Их главное наслаждение заключается в том, чтобы стравливать нас между собой. Конечно, им нравится и сам процесс, ради которого мы на столь многое готовы, – но никогда, при самых продолжительных усилиях и самом виртуозном разнообразии, нам не доставить им такого сверхъестественного, потрясающего все бдское существо оргазма, который они испытывают при виде мужской драки или просто ссоры, вспыхивающей по их наводке. Вероятно, при этом выделяется энергия, которой они питаются. Ради того, чтобы испытать это сверхъестественное наслаждение, они готовы тонко давать понять, что завели нового партнера, вот того самого, нашего старого друга, да, но ведь ты обещаешь не ломать ему руки? Нет, конечно, что ты! Поклянись! Клянусь. Клянусь, что я сломаю ему ноги. Они обожают заводить романы в одном кругу – однокашном, дружеском. Чтобы все знали и все перессорились. Райское наслаждение.
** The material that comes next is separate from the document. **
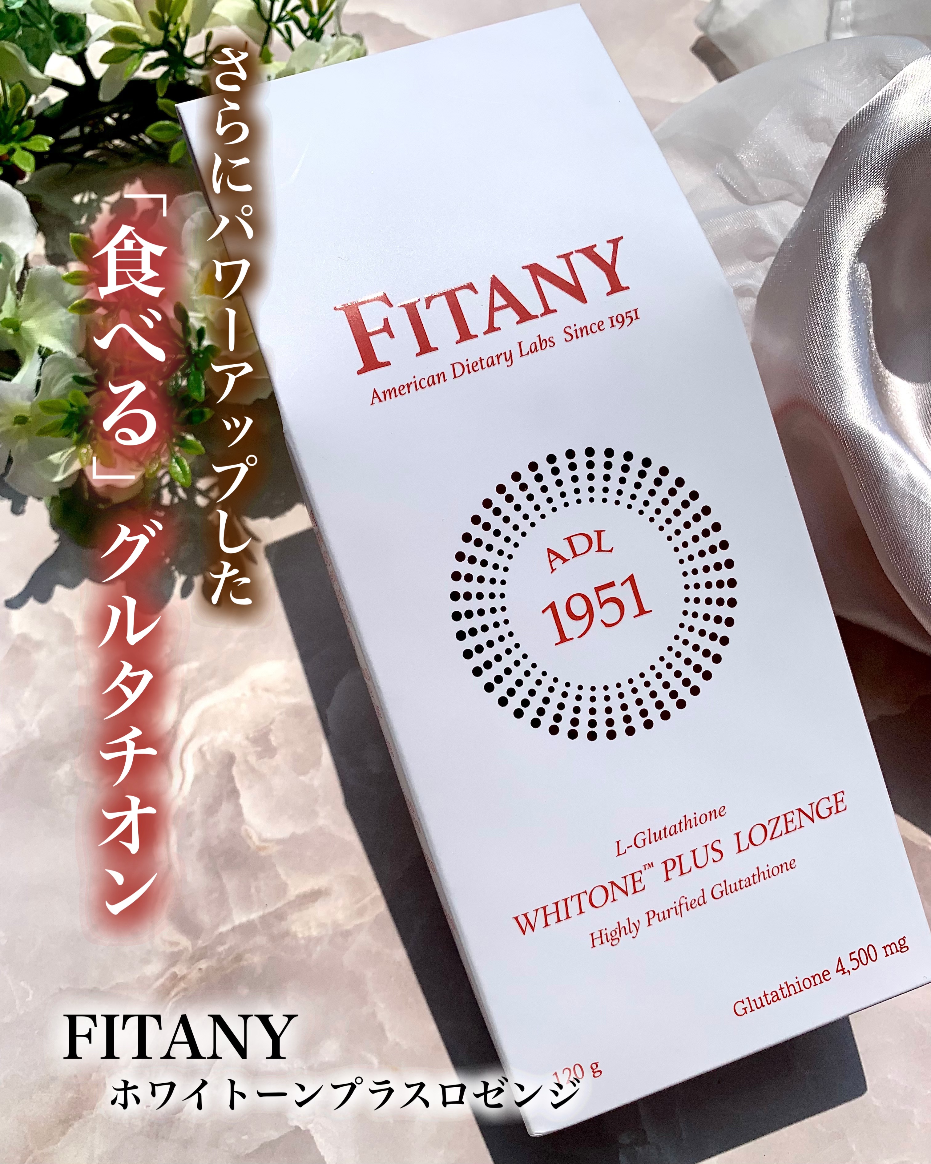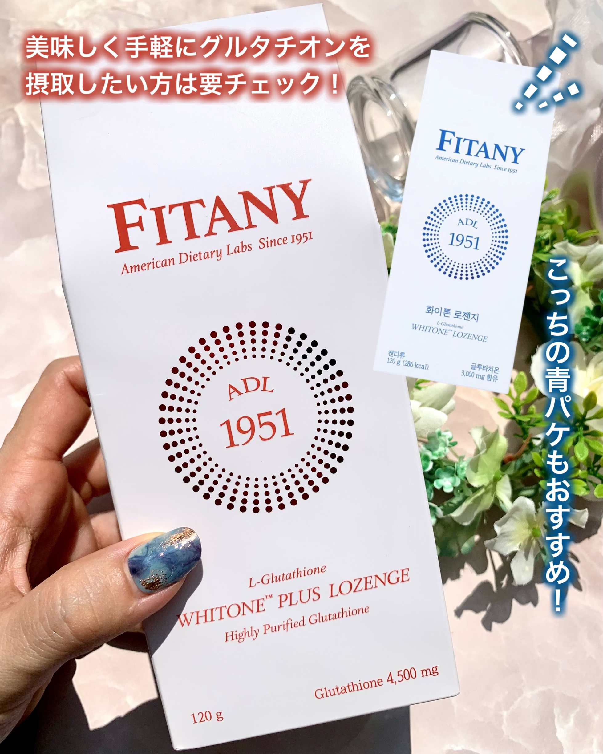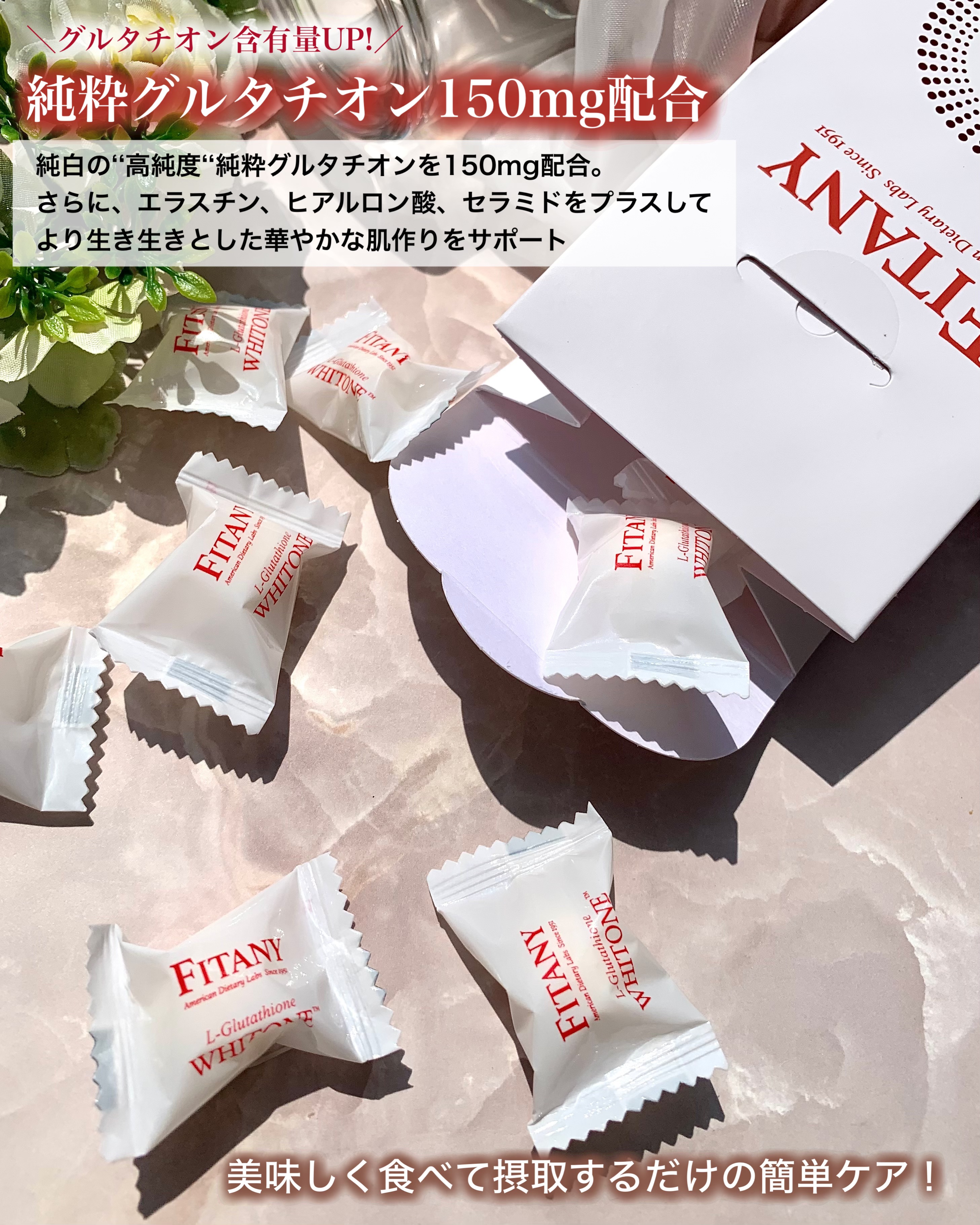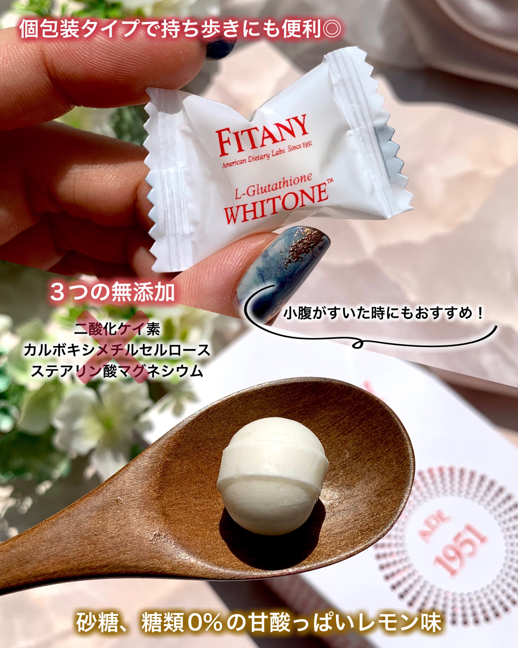 まるでキャンディー!舐めて溶かすだけ🍬 いつでも手軽においしくケア✨✨ 注目なのは、純粋グルタチオンが高含量なこと。1粒4gのところ、ホワイトーンロゼンジは、100mg ホワイトーンプラスロゼンジは、150mg 純粋グルタチオンを含有。 砂糖0%・糖類なしでも甘酸っぱい爽やかなレモン味で、お菓子感覚で摂取できちゃう。

К сожалению, они действительно так устроены, – это особенно тонко показано у Набокова в «Аде», чье название неслучайно так рифмуется с искомым словом, – что им никогда не хватает одного, и сам физический акт любви кажется им чем-то легким, необязательным, скорее, прологом к главному, чем собственно главным. Самое интересное начнется, когда ты привязываешься к ней – а она уже с другим, а иногда и с третьим; вот эта ситуация приводит их в настоящий восторг, заводит больше, чем мужчину виктимность.
Единственный способ по-настоящему привязать их к себе надолго – это не привязываться самому, что еще и у Пушкина замечено; они начинают изменять только тому, кто действительно сильно этого не хочет. Пофигистически-легкое отношение к их изменам приводит их сначала в состояние легкой досады, потом – в ярость, потом способно серьезно заинтересовать (именно в такой последовательности), а дальше бди тратят все свои силы исключительно на то, чтобы ты привязался к ним по-настоящему. Ради этого они готовы даже на замужество. Если тебе удастся устоять даже после этого – она твоя навеки, но о чем ты с ней будешь говорить?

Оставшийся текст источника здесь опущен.